> [HOW TO COMPLETE THIS TASK]:
Give again exactly the lines that run from the start of the records to the line holding "Monitorius Eura VDA-77A3", both ends counted. Do not include the pictures.

> [GIVEN RECORDS]:
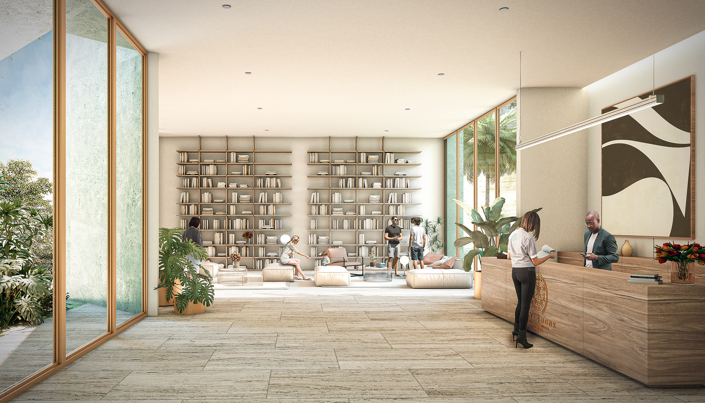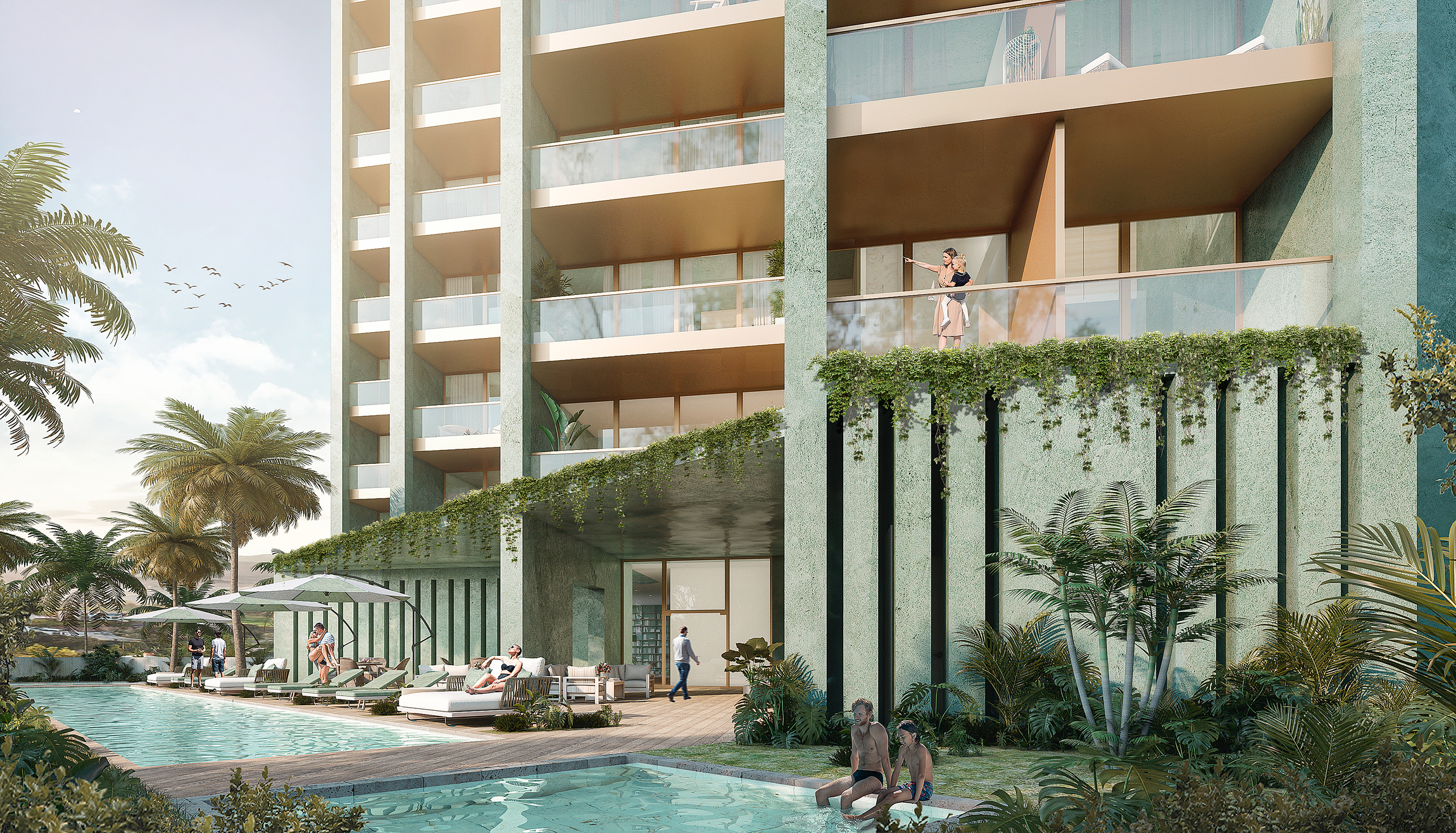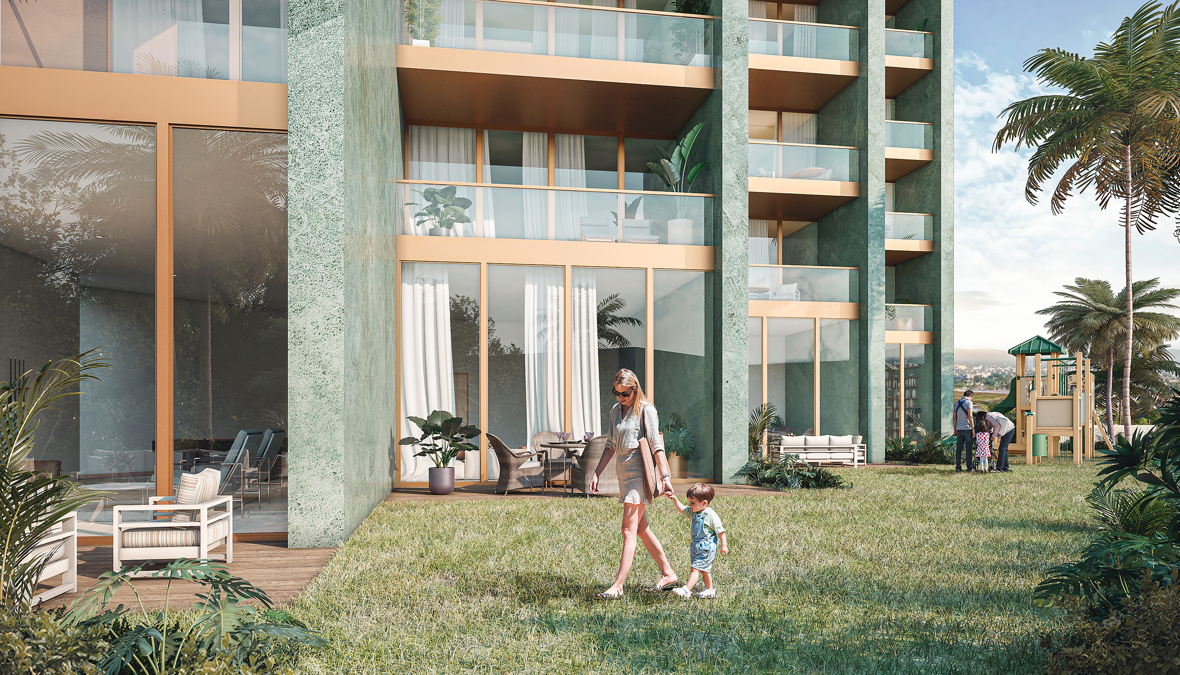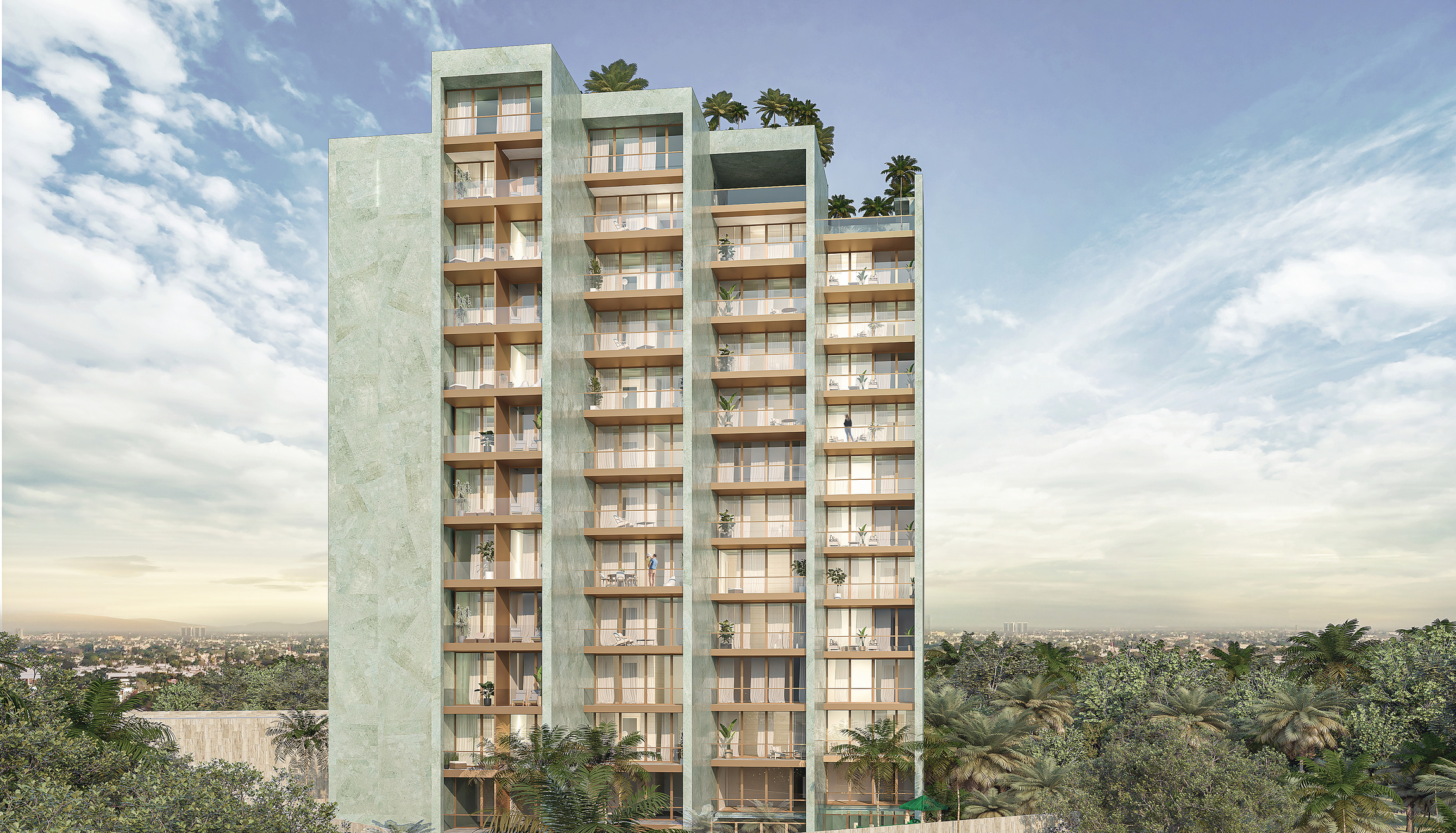 The two towers mirror one another, linked by shared horizontal circulation corridors and anchored by a central vertical core. Seen from the street or the rear, the building appears as a monolithic volume rising from ground to rooftop, its geometry simple and unified. To reduce the visual weight of this mass and soften its presence in the urban fabric, the façades are finished with a textured green cement skin inspired by the shifting tones of the lagoon and the Caribbean Sea. This gesture breaks away from the dominance of white and gray concrete façades in the surrounding developments, rooting the project in its natural context while offering a distinctive identity.
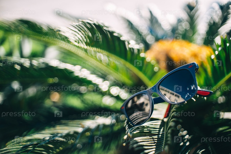 Синие солнцезащитные очки на пальмовых листьях на солнце
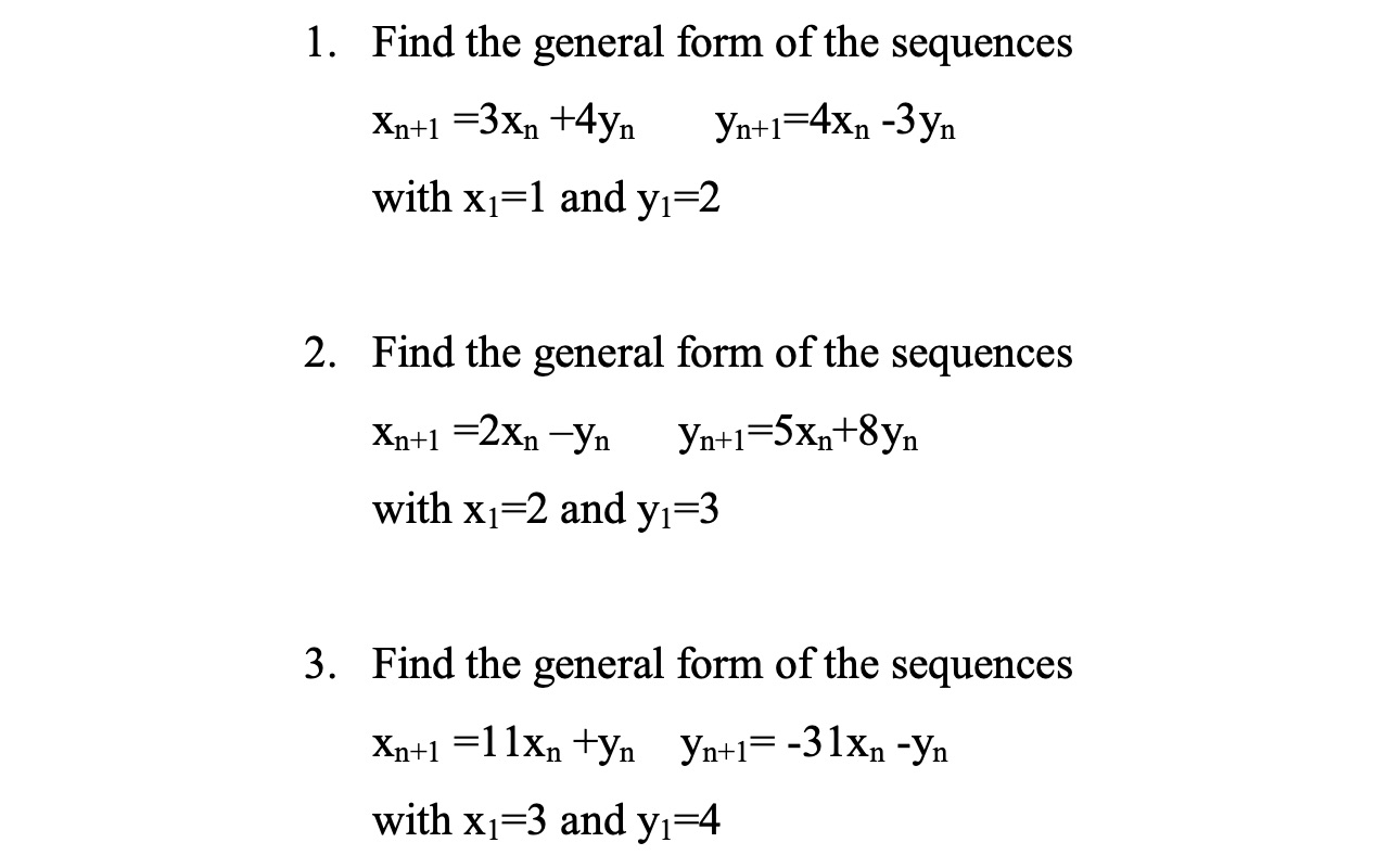 1. Find the general form of the sequences xn+1 =3xn +4yn yn+1=4xn...
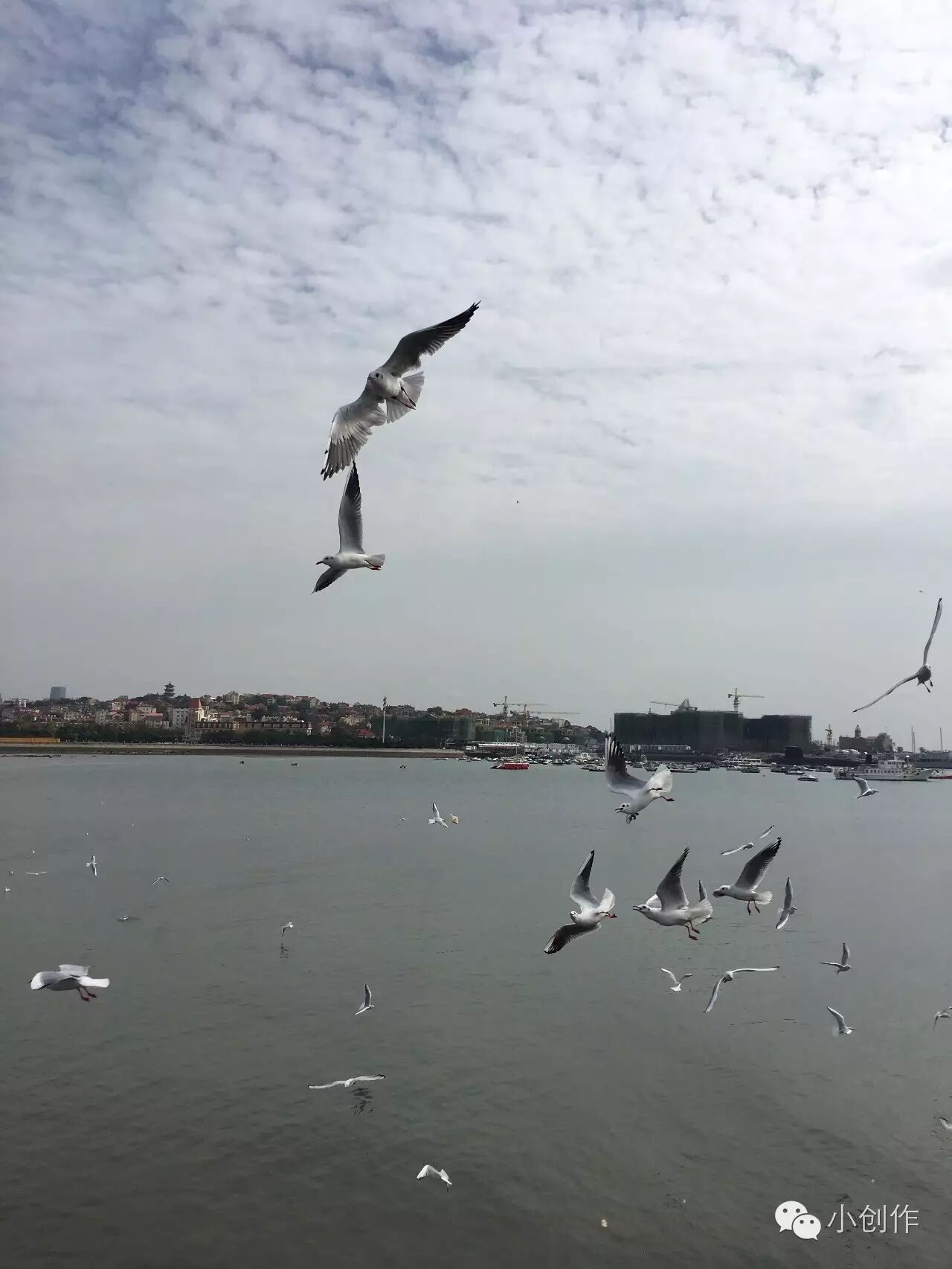 栈桥边上,有人给海鸥喂食。有没有发现一个现象,前面那几只海鸥都是往一个方向飞的,都是从右往左飞,如果你再仔细观察一下的话,你会发现远处的几只海鸥都是从左往右飞。
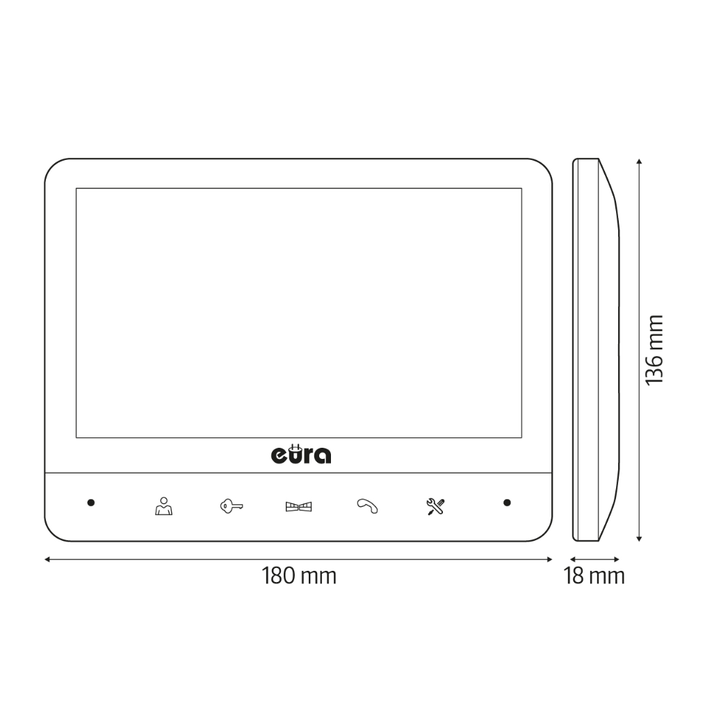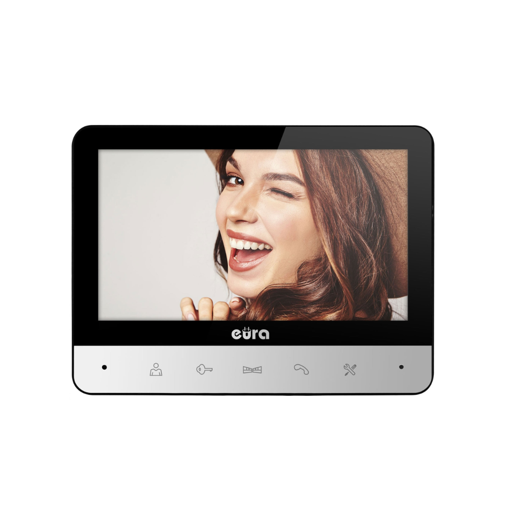 Monitorius Eura VDA-77A3 turi 7″ ekraną, kuris pasižymi aukštos kokybės ir aiškiu vaizdu. Įrenginyje įrengti reguliavimo ratukai, leidžiantys nustatyti pokalbio garsumą, vaizdo ryškumą bei spalvų sodrumą. Naudojant virš ratukų esantį mygtuką, galima pasirinkti vieną iš 16 skambučio melodijų, o slankikliu – reguliuoti jų garsumą.
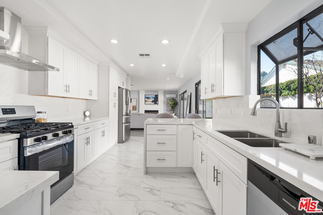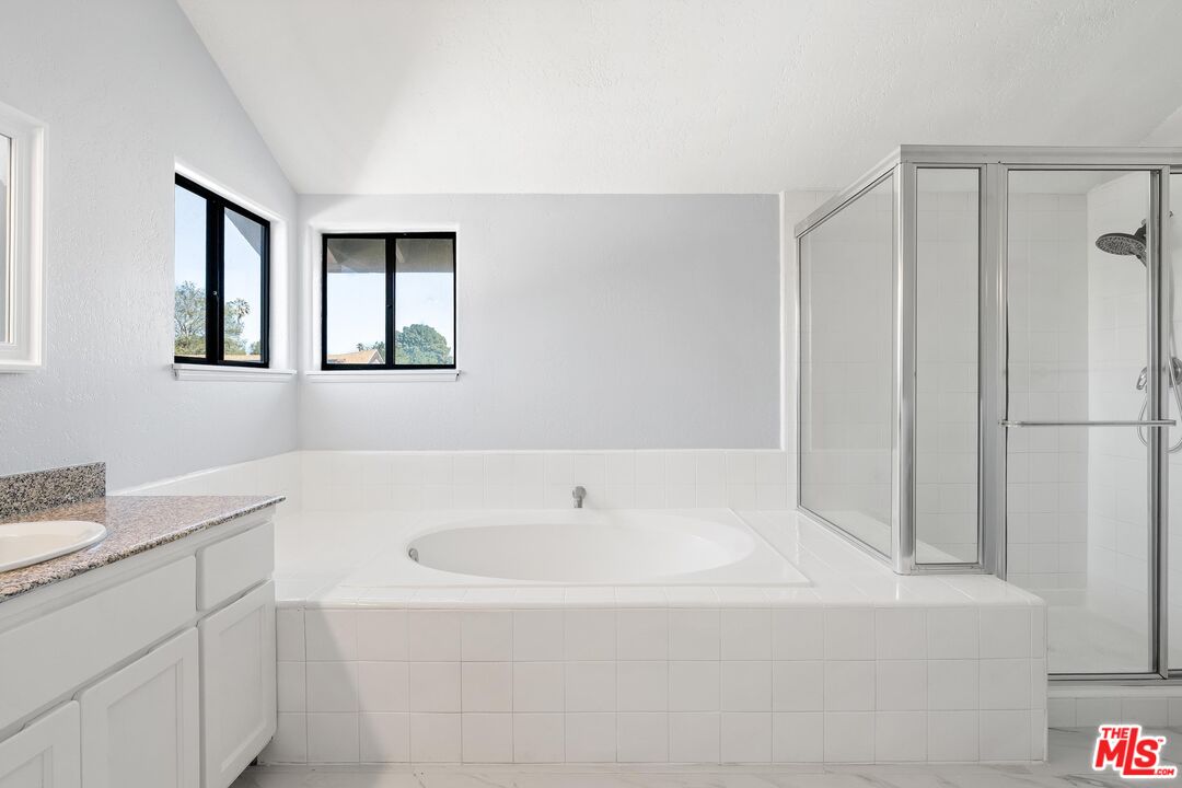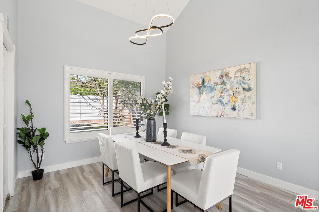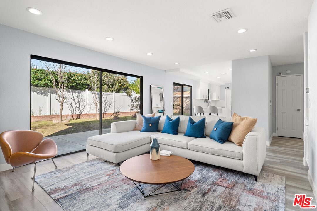 This charming two-story home situated in the heart of Northridge has been thoughtfully remodeled with modern conveniences while retaining its inviting charm. Spanning 4BD/3BA, the home features soaring ceilings, wood-style flooring, and a generous backyard with room for a pool. The spacious living room opens to a formal dining area, creating an ideal setting for gathering with family and friends. The adjacent kitchen is bright and functional, offering stainless steel appliances, sleek countertops, bar seating, and direct access to the backyard. The kitchen flows into an additional living area with sliding glass doors and a charming fireplace, creating a comfortable space for everyday living and entertaining. A bedroom near the entry, well suited as a guest room or home office, sits across from a full bathroom, completing the main level. Upstairs, three additional bedrooms await, including the expansive primary suite with a walk-in closet, additional sliding-door closet space, and an ensuite bath featuring dual vanities, a soaking tub, and a step-in shower. The secondary bedrooms share a full bathroom with dual vanities and a shower-tub combination. Outside, the spacious backyard offers lush landscaping for added privacy and room for a pool. Additional highlights include a gated driveway and a two-car garage with direct access. Conveniently located near the Northridge Fashion Center, California State University, Northridge, dining, public transportation, and major commuter routes, this beautifully updated home offers an ideal combination of space, functionality, and location.
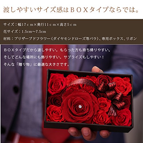 - サイズ 高さ約5cm×幅約17cm×奥行約11cm・花サイズ 1.5cm~7.5cm・材料 プリザーブドフラワー(ダイヤモンドローズ等バラ)、専用ボックス、リボン
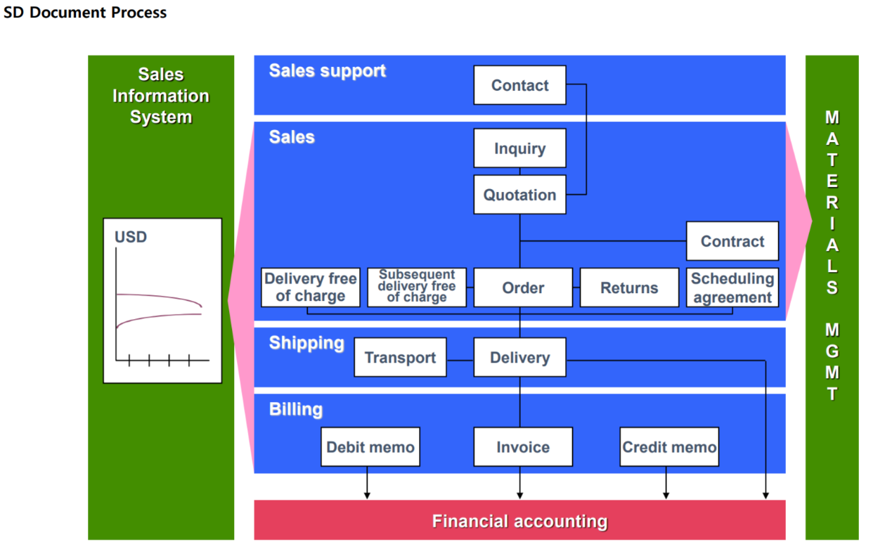 SD는 Sales & Distribution의 약자이며 영업과 유통, 판매, 대금청구 등의 영업활동을 관리 하는 모듈이다.

> [RESPONSE BOX]:
 The two towers mirror one another, linked by shared horizontal circulation corridors and anchored by a central vertical core. Seen from the street or the rear, the building appears as a monolithic volume rising from ground to rooftop, its geometry simple and unified. To reduce the visual weight of this mass and soften its presence in the urban fabric, the façades are finished with a textured green cement skin inspired by the shifting tones of the lagoon and the Caribbean Sea. This gesture breaks away from the dominance of white and gray concrete façades in the surrounding developments, rooting the project in its natural context while offering a distinctive identity.
 Синие солнцезащитные очки на пальмовых листьях на солнце
 1. Find the general form of the sequences xn+1 =3xn +4yn yn+1=4xn...
 栈桥边上,有人给海鸥喂食。有没有发现一个现象,前面那几只海鸥都是往一个方向飞的,都是从右往左飞,如果你再仔细观察一下的话,你会发现远处的几只海鸥都是从左往右飞。
 Monitorius Eura VDA-77A3 turi 7″ ekraną, kuris pasižymi aukštos kokybės ir aiškiu vaizdu. Įrenginyje įrengti reguliavimo ratukai, leidžiantys nustatyti pokalbio garsumą, vaizdo ryškumą bei spalvų sodrumą. Naudojant virš ratukų esantį mygtuką, galima pasirinkti vieną iš 16 skambučio melodijų, o slankikliu – reguliuoti jų garsumą.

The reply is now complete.